Continuous-time neural networks are a subset of machine learning systems capable of performing representational learning for spatiotemporal decision-making tasks. Continuous differential equations are often used to represent these models (DEs). However, numerical DE solvers limit their expressive potential when used on computers. The scaling and understanding of many natural physical processes, such as the dynamics of neural systems, have been severely hampered by this limitation.
Inspired by the brains of microscopic creatures, MIT researchers have engineered “Fluid” neural networks, a fluid, robust ML model that can learn and adapt to changing situations. These methods can be used in safety-critical tasks such as driving and flying.
However, as the number of neurons and synapses in the model increases, the underlying math becomes more difficult to solve and the processing cost of the model increases.
Neural network systems based on differential equations are difficult to solve and scale to a large number of parameters. Complex neural networks can be built with a physical description of the cell interactions along with the threshold. Any future embedded intelligence system should use this framework as a foundation as it can help solve more complex machine learning tasks by enabling enhanced representation learning.

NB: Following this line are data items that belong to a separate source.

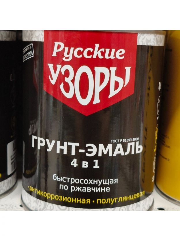 Грунт-эмаль Русские узоры, 4в1, по ржавчине, быстросохнущая, алкидная, полуглянцевая, синяя, 0.8 кг
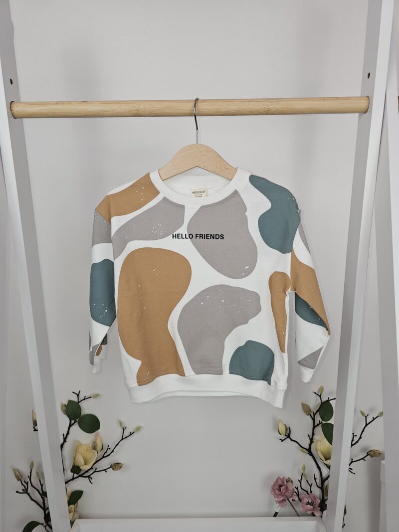 Тази цветна и забавна блуза с абстрактен принт носи свежест и настроение. Комбинацията от земни тонове и лекия блясък в детайлите я правят уникално предложение за модерните малчугани. Идеална за: ежедневие, игри, училище.
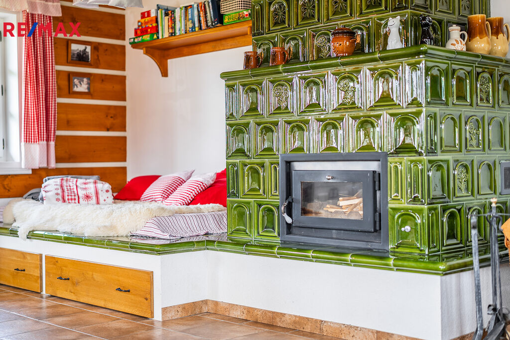 Dominantou chalupy je prostorná světnice, jejímž srdcem jsou ručně stavěná kachlová kamna s možností spaní na samostatně vyhřívané lavici (peci). Toto oblíbené místo všech návštěvníků nabízí příjemné teplo sálajícího ohně a pohádkovou atmosféru. Interiér je citlivě sladěný do posledního detailu. Nádherný strop z bílých palubek s přiznanými dřevěnými trámy podtrhuje kouzlo tradiční řemeslné práce a dřevěné prvky navozují útulnou a příjemnou atmosféru.
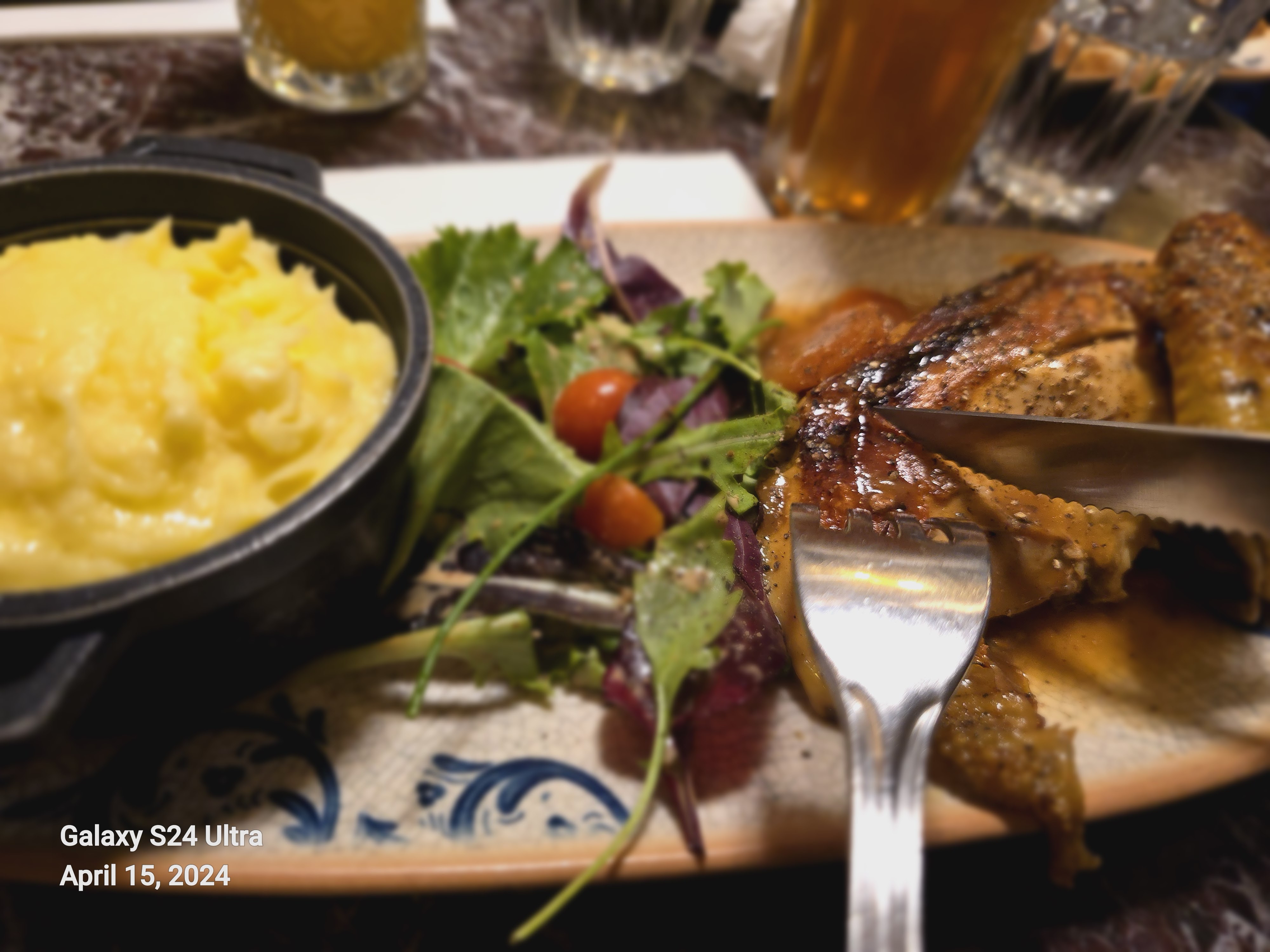 Nous avons mangé en extérieur. Le poulet cuit comme il faut avec un jus ayant du goût. Une super purée 👌 L'entrecôte était tendre à souhait. Seul bémol, la proximité de la table voisine.
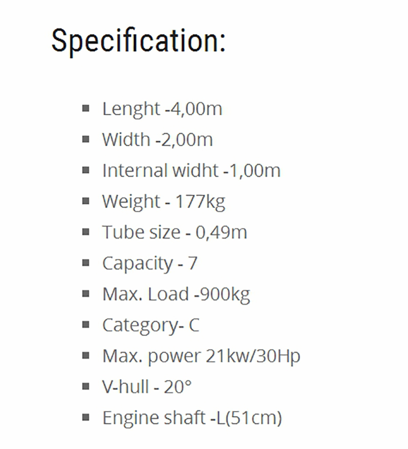 總長: 4.00m 最大乘員: 7p

The same research group has now found a way to overcome this hurdle by solving the differential equation underlying the interaction of two neurons through synapses. They then present the new machine learning models called closed-form continuous-time (CfCs), which retain the attractive properties of fluid networks but eliminate the need for numerical integration.
This method is as fast and scalable as fluid neural networks, and they share their causal, robust, and explainable properties. Because these neural networks are small and evolve after training, they can be used for any task that requires an understanding of data over time, whereas many traditional models are rigid.
This paves the way for reliable machine learning in mission-critical environments. Not only does this differential equation no longer have to be solved step by step, the computing time has also been greatly reduced.
The models significantly outperformed their state-of-the-art counterparts in various tasks, including recognizing human behavior using motion sensors, modeling the physical dynamics of a simulated walking robot, and processing events in sequential images. For example, the models were 220 times faster than human experts on a task to predict mortality for a group of 8,000 patients.
The closed form solution is a good approximation of the actual system dynamics. So if you replaced them within that network you would get the exact behavior. Therefore, they can solve it with even fewer neurons, making it computationally cheaper and faster.
Time series (events that have occurred over time) can be used as inputs to these models, which can then be used for categorization, vehicle control, humanoid robot motion, or even financial and medical forecasting. Many different settings can be used to improve the system’s accuracy, resilience, performance and – most importantly – calculation speed, although these improvements are not always free of charge.
Finding a solution to this equation will have far-reaching consequences for the study of both natural and artificial intelligence. The results of this research show how increasing the computational efficiency for this category of neural networks can open up new possibilities for use in areas such as safety-critical commercial and defense systems.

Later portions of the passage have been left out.